Of all the entries below, retype only the lines from the one with "多元能力開發班 成果展上為師長們泡茶" through the one with "les persones tenim", exactly as they appear.

____ Data for this exercise

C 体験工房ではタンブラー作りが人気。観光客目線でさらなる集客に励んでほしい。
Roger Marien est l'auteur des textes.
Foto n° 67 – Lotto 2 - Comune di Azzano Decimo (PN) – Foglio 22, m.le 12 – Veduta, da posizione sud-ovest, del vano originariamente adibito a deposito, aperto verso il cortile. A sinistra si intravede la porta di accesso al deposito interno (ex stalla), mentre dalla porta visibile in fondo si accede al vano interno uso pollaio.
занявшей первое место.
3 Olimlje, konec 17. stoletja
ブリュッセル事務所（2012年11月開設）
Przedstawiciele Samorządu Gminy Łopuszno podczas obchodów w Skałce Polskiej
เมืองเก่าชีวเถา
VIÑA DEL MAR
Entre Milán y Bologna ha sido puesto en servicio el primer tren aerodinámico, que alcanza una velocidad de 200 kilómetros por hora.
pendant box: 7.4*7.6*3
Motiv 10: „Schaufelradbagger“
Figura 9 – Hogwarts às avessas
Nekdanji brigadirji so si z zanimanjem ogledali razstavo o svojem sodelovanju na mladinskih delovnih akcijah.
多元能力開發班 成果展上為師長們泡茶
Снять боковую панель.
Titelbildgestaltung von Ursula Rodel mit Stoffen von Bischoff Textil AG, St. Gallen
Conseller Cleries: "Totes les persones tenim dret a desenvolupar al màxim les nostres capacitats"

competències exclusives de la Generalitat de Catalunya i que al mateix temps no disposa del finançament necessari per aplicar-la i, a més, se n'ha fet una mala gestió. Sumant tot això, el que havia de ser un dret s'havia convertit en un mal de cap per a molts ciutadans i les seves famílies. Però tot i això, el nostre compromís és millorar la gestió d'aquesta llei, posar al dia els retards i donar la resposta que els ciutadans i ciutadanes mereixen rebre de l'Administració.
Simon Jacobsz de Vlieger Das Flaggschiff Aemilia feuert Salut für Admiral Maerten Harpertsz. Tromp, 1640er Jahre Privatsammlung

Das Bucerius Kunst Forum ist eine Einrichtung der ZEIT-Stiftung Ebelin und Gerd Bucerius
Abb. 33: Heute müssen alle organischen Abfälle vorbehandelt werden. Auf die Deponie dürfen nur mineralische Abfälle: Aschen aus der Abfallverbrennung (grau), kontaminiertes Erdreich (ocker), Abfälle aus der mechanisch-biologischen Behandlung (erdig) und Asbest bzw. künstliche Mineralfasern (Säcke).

________

## Task output
多元能力開發班 成果展上為師長們泡茶
Снять боковую панель.
Titelbildgestaltung von Ursula Rodel mit Stoffen von Bischoff Textil AG, St. Gallen
Conseller Cleries: "Totes les persones tenim dret a desenvolupar al màxim les nostres capacitats"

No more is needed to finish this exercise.